Este Búho se conmovió con el Soy hijo, padre y hermano, y me pongo en la piel de esos cinco personajes que con mucha entereza decidieron contar a este diario la vida que vivieron en una Venezuela asaltada por la inflación, el hambre, la falta de trabajo, la delincuencia y la corrupción. Fueron la voz de cientos de miles de profesionales que huyeron de un país carcomido hasta las tripas por la dictadura chavista, que bajo un modelo comunista se dedicó durante dos décadas a detonar la economía nacional, generando escasez y desempleo.

En el informe, los cinco llaneros recordaron a la Venezuela próspera, generosa, en donde, trabajando honradamente, un profesional o un obrero podía comprarse su casita o su auto, además de poder brindarle una educación de calidad a sus hijos.
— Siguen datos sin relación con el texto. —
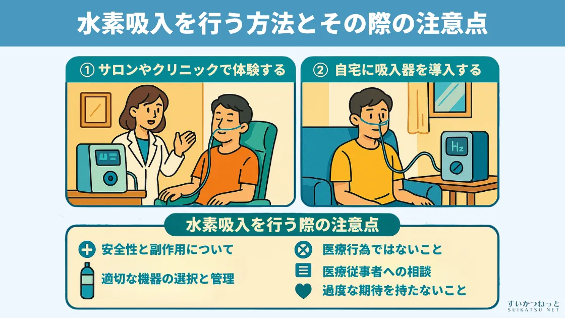 「水素吸入、ちょっと試してみたいかも…」と思った方へ向けて、実際に始めるにはどうすれば良いのか、そして注意すべき点について説明します。

Y en donde se podía hacer viajes familiares en las vacaciones y salir a comer los fines de semana. Por supuesto, una vida que cualquier ciudadano trabajador se merece. Pero esos ya son recuerdos que hoy los venezolanos asentados en Perú traen a la memoria con nostalgia. Muchos, o la gran mayoría, ahora ejercen de operarios de limpieza, de choferes, de vendedores ambulantes, de lo que sea. Su situación en Perú es precaria, aunque mucho mejor que en su país. La mayoría apenas gana el sueldo mínimo y con ello deben pagar habitación, alimentos y los servicios básicos, pero, sobre todo, enviar remesas mensuales a quienes todavía siguen resistiendo en su patria.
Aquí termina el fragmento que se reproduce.